HOW TO COMPLETE THIS TASK - Every entry must be transcribed exactly. Pictures are not part of the copy.
PROVIDED RECORDS: Begin
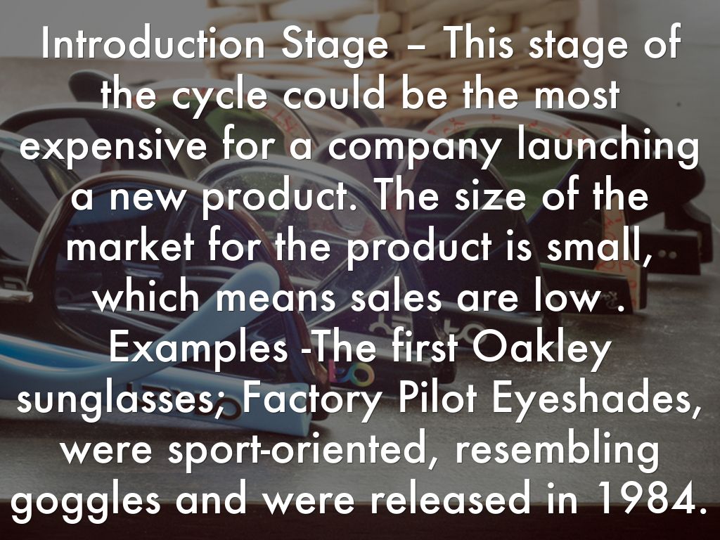 Introduction Stage – This stage of the cycle could be the most expensive for a company launching a new product. The size of the market for the product is small, which means sales are low . Examples -The first Oakley sunglasses; Factory Pilot Eyeshades, were sport-oriented, resembling goggles and were released in 1984.
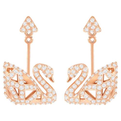 Khuyên tai thiên nga Swarovski màu vàng hồng đeo 2 kiểu – Swarovski Facet Swan Pierced Earrings Rose Gold-tone Plated
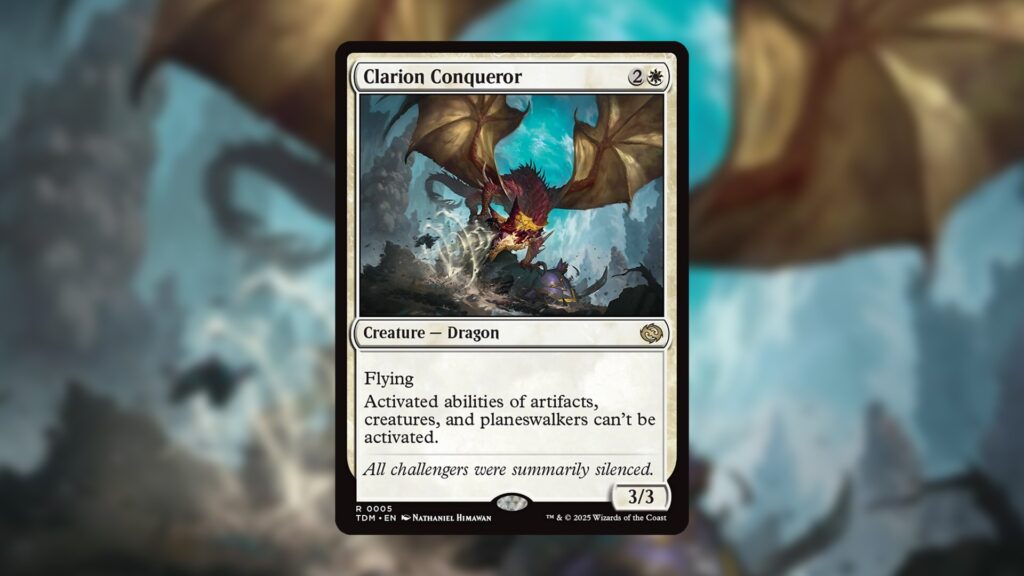 Up to this point, Clarion Conqueror has mostly appeared in Modern sideboards. Specifically capable of stopping Basking Broodscale Combo, Clarion Conqueror can prevent Eldrazi Scion tokens from sacrificing themselves for mana. The card also stops Blade of the Bloodchief from equipping itself to anything, and Karn, the Great Creator from activating its abilities.
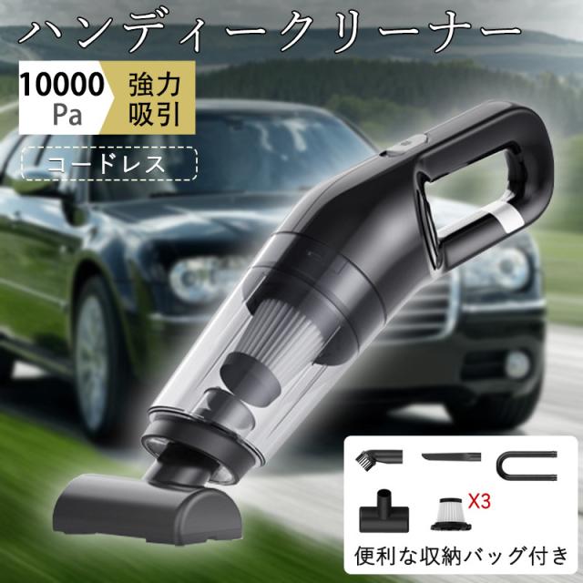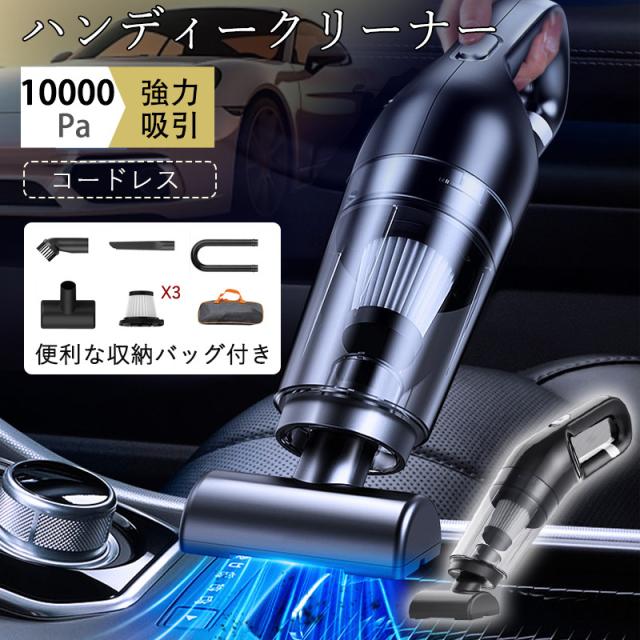 ハンディクリーナー 掃除機 強力 コードレス 10000pa USB充電式 パワフル吸引 車載掃除機 車 車内両用 静音設計 家庭
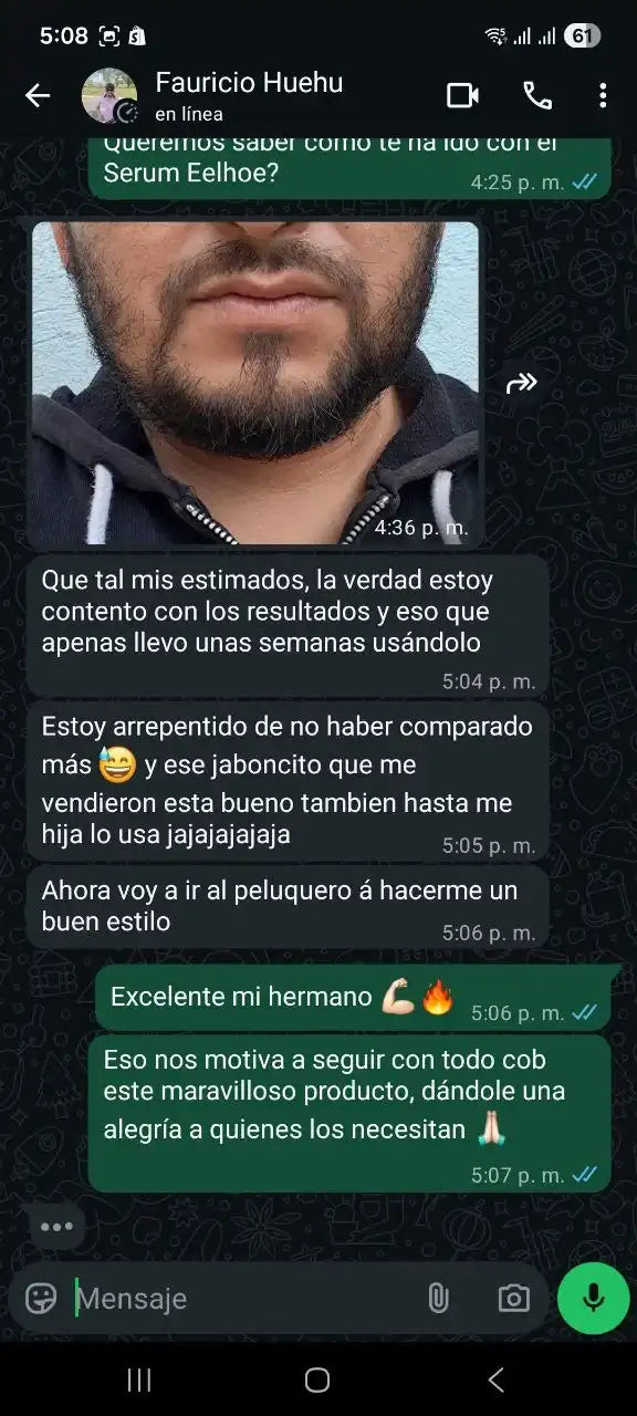 La mayoría de hombres que lo usan empiezan sin nada o con huecos marcados. EELHOE despierta la circulación y los folículos en zonas donde antes no crecían vellitos.
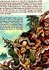 Eingeborener mit Speer schaut von Felsvorsprung auf gelandetes Raumschiff |
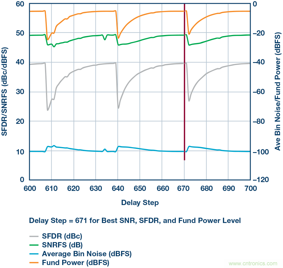 結果如圖3a所示,基波功率、SFDR和SNR將隨所應用的每個設置而變化。如圖所示,當把采樣位置放在更好的地方(THA將樣本送至ADC的過程之中)時,基波功率將處于最高水平,而SFDR應處于最佳性能(即最低)。圖3b為延遲映射掃描的放大視圖,延遲設定點為671,即延遲應該保持固定于此窗口/位置。請記住,延遲映射程序僅對系統(tǒng)的相關采樣頻率有效,如果設計需要不同的采樣時鐘,則需要重新掃描。本例中,采樣頻率為4 GHz,這是該信號鏈中使用的THA器件的最高采樣頻率。
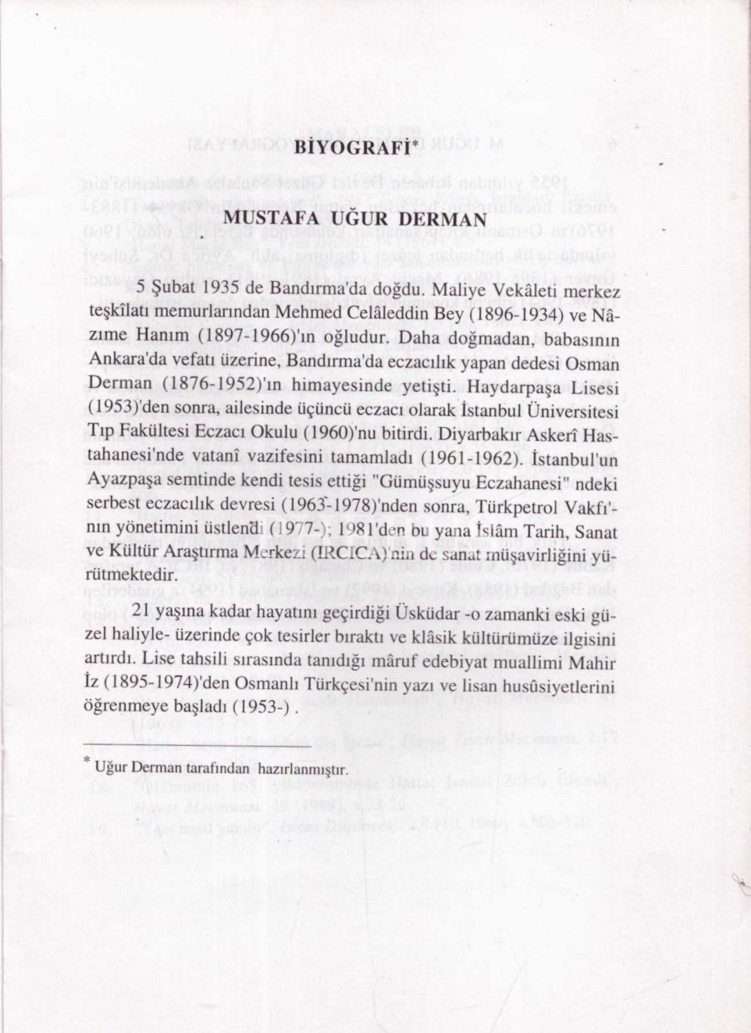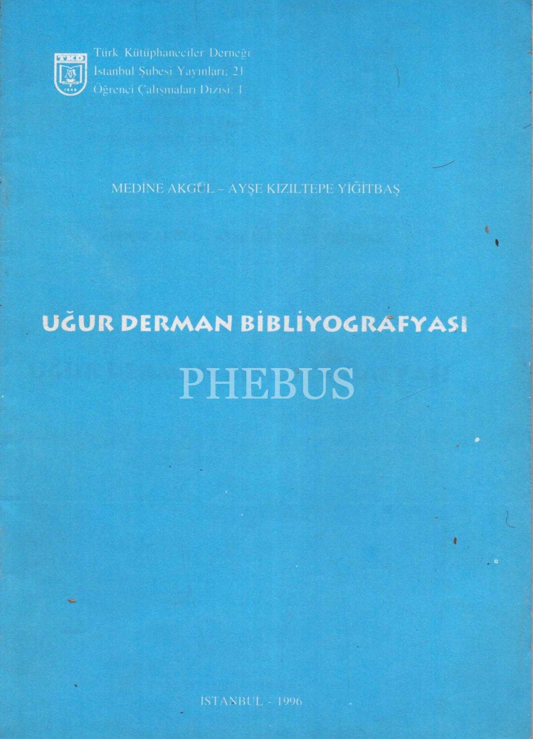 UĞUR DERMAN BİBLİYOGRAFYASI, Medine Akgül-Ayşe Kızıltepe Yiğitbaş, 1996, TÜrk Kütüphaneciler Derneği İstanbul Şubesi Yayınları, 30 sayfa, 17x24 cm...
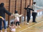 新松戸南中学校で、旭町小学校、旭町中学校、馬橋小学校、新松戸南中学校の児童、生徒と交流会を行いました。体育館でスポーツやレクリエーションをして楽しく過ごしました。
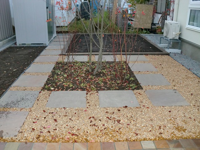 道路に面したお庭でしたので、ウォールでしっかりとプライベートを守り決して閉塞感が出ないように塀は高すぎず低すぎず。一見植栽スペースが少ないように見えますが、庭全体を取り囲むように植栽スペースも充実しています。
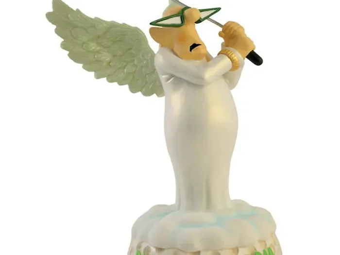 Add a touch of whimsy to your decor with the Dang! Cloud Trap Humor Figurine. This delightful resin piece showcases a humorous old man with angel wings, poised to tee off with a golf club while sitting on a fluffy cloud. The base is adorned with the fun phrase "Dang! Cloud trap", making it a perfect gift for golf enthusiasts or anyone who appreciates a good laugh!
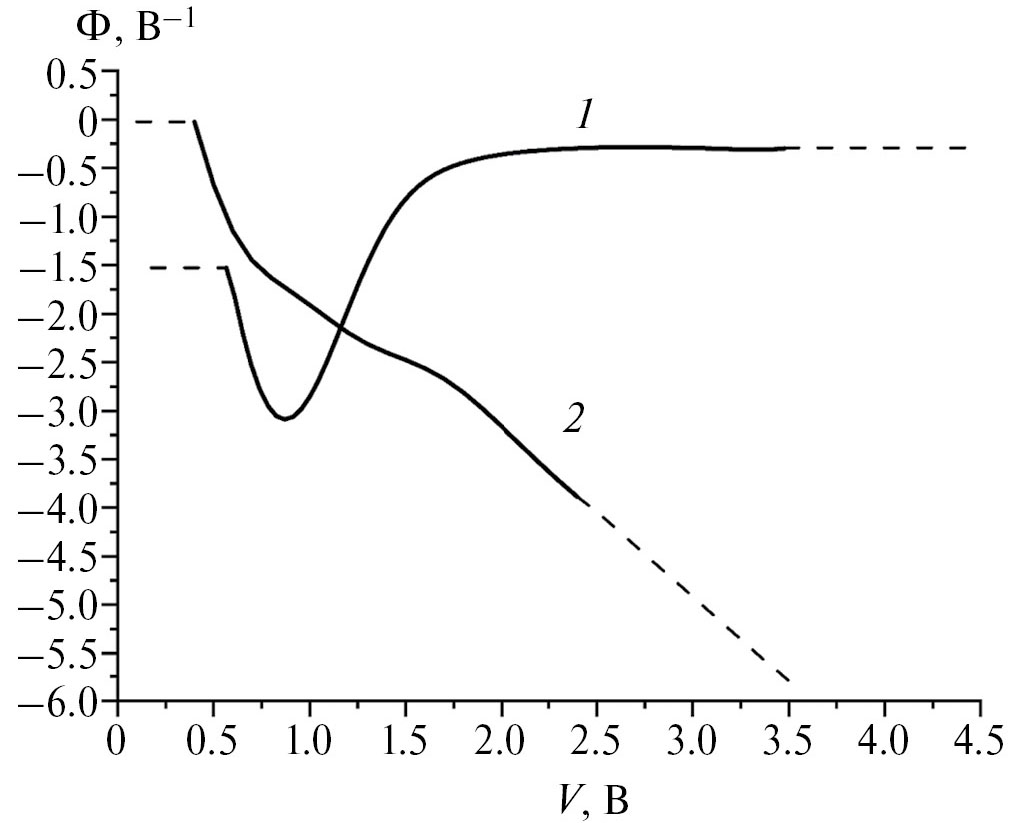 Рис. 2. Производные от экспериментальных зависимостей логарифма туннельного тока от напряжения: 1 — ветвь ВАХ, отвечающая обеднению полупроводника, 2 — ветвь ВАХ, отвечающая обогащению полупроводника; пунктиром отмечены области вблизи минимального и максимального напряжений, построенные интерполяцией результатов из близлежащих “надежных” интервалов.
PROVIDED RECORDS: End
EXERCISE SOLUTION -
 Introduction Stage – This stage of the cycle could be the most expensive for a company launching a new product. The size of the market for the product is small, which means sales are low . Examples -The first Oakley sunglasses; Factory Pilot Eyeshades, were sport-oriented, resembling goggles and were released in 1984.
 Khuyên tai thiên nga Swarovski màu vàng hồng đeo 2 kiểu – Swarovski Facet Swan Pierced Earrings Rose Gold-tone Plated
 Up to this point, Clarion Conqueror has mostly appeared in Modern sideboards. Specifically capable of stopping Basking Broodscale Combo, Clarion Conqueror can prevent Eldrazi Scion tokens from sacrificing themselves for mana. The card also stops Blade of the Bloodchief from equipping itself to anything, and Karn, the Great Creator from activating its abilities.
 ハンディクリーナー 掃除機 強力 コードレス 10000pa USB充電式 パワフル吸引 車載掃除機 車 車内両用 静音設計 家庭
 La mayoría de hombres que lo usan empiezan sin nada o con huecos marcados. EELHOE despierta la circulación y los folículos en zonas donde antes no crecían vellitos.
 Eingeborener mit Speer schaut von Felsvorsprung auf gelandetes Raumschiff |
 結果如圖3a所示,基波功率、SFDR和SNR將隨所應用的每個設置而變化。如圖所示,當把采樣位置放在更好的地方(THA將樣本送至ADC的過程之中)時,基波功率將處于最高水平,而SFDR應處于最佳性能(即最低)。圖3b為延遲映射掃描的放大視圖,延遲設定點為671,即延遲應該保持固定于此窗口/位置。請記住,延遲映射程序僅對系統(tǒng)的相關采樣頻率有效,如果設計需要不同的采樣時鐘,則需要重新掃描。本例中,采樣頻率為4 GHz,這是該信號鏈中使用的THA器件的最高采樣頻率。
 UĞUR DERMAN BİBLİYOGRAFYASI, Medine Akgül-Ayşe Kızıltepe Yiğitbaş, 1996, TÜrk Kütüphaneciler Derneği İstanbul Şubesi Yayınları, 30 sayfa, 17x24 cm...
 新松戸南中学校で、旭町小学校、旭町中学校、馬橋小学校、新松戸南中学校の児童、生徒と交流会を行いました。体育館でスポーツやレクリエーションをして楽しく過ごしました。
 道路に面したお庭でしたので、ウォールでしっかりとプライベートを守り決して閉塞感が出ないように塀は高すぎず低すぎず。一見植栽スペースが少ないように見えますが、庭全体を取り囲むように植栽スペースも充実しています。
 Add a touch of whimsy to your decor with the Dang! Cloud Trap Humor Figurine. This delightful resin piece showcases a humorous old man with angel wings, poised to tee off with a golf club while sitting on a fluffy cloud. The base is adorned with the fun phrase "Dang! Cloud trap", making it a perfect gift for golf enthusiasts or anyone who appreciates a good laugh!
 Рис. 2. Производные от экспериментальных зависимостей логарифма туннельного тока от напряжения: 1 — ветвь ВАХ, отвечающая обеднению полупроводника, 2 — ветвь ВАХ, отвечающая обогащению полупроводника; пунктиром отмечены области вблизи минимального и максимального напряжений, построенные интерполяцией результатов из близлежащих “надежных” интервалов.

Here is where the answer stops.